In this PR I opted to use the built-in compiled ICU data instead of the the runtime-loaded data from typst-assets. Correct me if I'm wrong, but the icu4x-datagen commands used to generate the data in that crate don't generate anything different from the built-in stuff, e.g. both cover all locales. Using the compiled data results in cleaner code, faster runtime, and importantly, more up to date CLDR language support.

eltos · 2026-01-05T10:09:22Z

Here is a test specifically for #1920 for you to cherry-pick @mohtakver, in case you find it's useful: 3539ef3

laurmaedje · 2026-01-07T20:22:45Z

The current blob data in typst-assets uses a patched ICU data generator. See #1009 and https://github.com/typst/typst-assets/blob/0bbb3f7ebe775b980a3ca4ae9c49d9ecdb7e021a/src/lib.rs#L14-L45 for background. I'm honestly not sure whether there was an attempt to upstream the patch in peng1999/icu4x@b9beb6c.

I fear that, as-is, this may regress Typst's CJK handling. Two CJK test references have been changed in this PR, which is probably related to that.

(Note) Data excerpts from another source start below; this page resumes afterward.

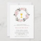 Este doce e elegante convite religioso da Primeira Comunhão apresenta uma coroa rosa, muda e vintage, com peônias e rosas de aquarelas, e folhas de cinzas escuras, sobre fundo branco. Um cálice de comunhão também é apresentado, e o verso do convite é uma cor de pincel suave com bolinhas brancas giras.
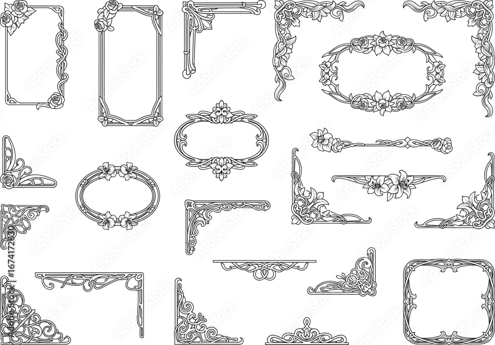 Fototapeta Elegant vintage floral corner frames and decorative border elements with intricate line art, perfect for invitations, certificates, and classic design projects
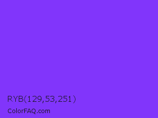 RYB 129,53,251 Color is a normal violet color and the nearest color is Blue Violet #8a2be2. Hex code #8135fb and RGB value is rgb(129,53,251). In RGB color space, this color is composed of 51% red, 21% green, 98% blue, In CMYK color space, this color is composed of 49% cyan, 79% magenta, 0% yellow , 2% black , In HSL color space, this color has a hue angle of 263° , 96% saturation and 60% lightness.
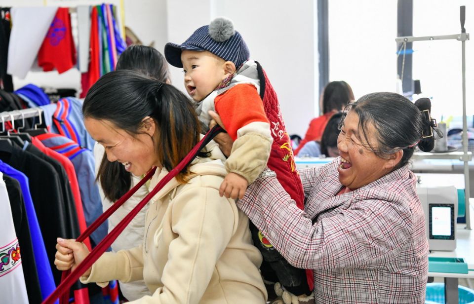 在贵州省威宁县五里岗街道朝阳新城易地扶贫搬迁安置小区,搬迁户在就业扶贫手工车间可以一边就业,一边带孩子(11月28日摄)。新华社记者 杨文斌 摄

laurmaedje · 2026-01-07T20:24:21Z

It would also be worth investigating how this affects Typst's binary size. I'm not sure how exactly the blob data provider avoids bloat (if at all). The data generation commands inspect the built binary to determine exactly what it references. It's possible that the blob data provider simply relies on dead code elimination, but I wouldn't bet on that working perfectly.

laurmaedje · 2026-01-08T14:08:19Z

cc @peng1999 if you have the time, your input would be appreciated on the CJK topic. :)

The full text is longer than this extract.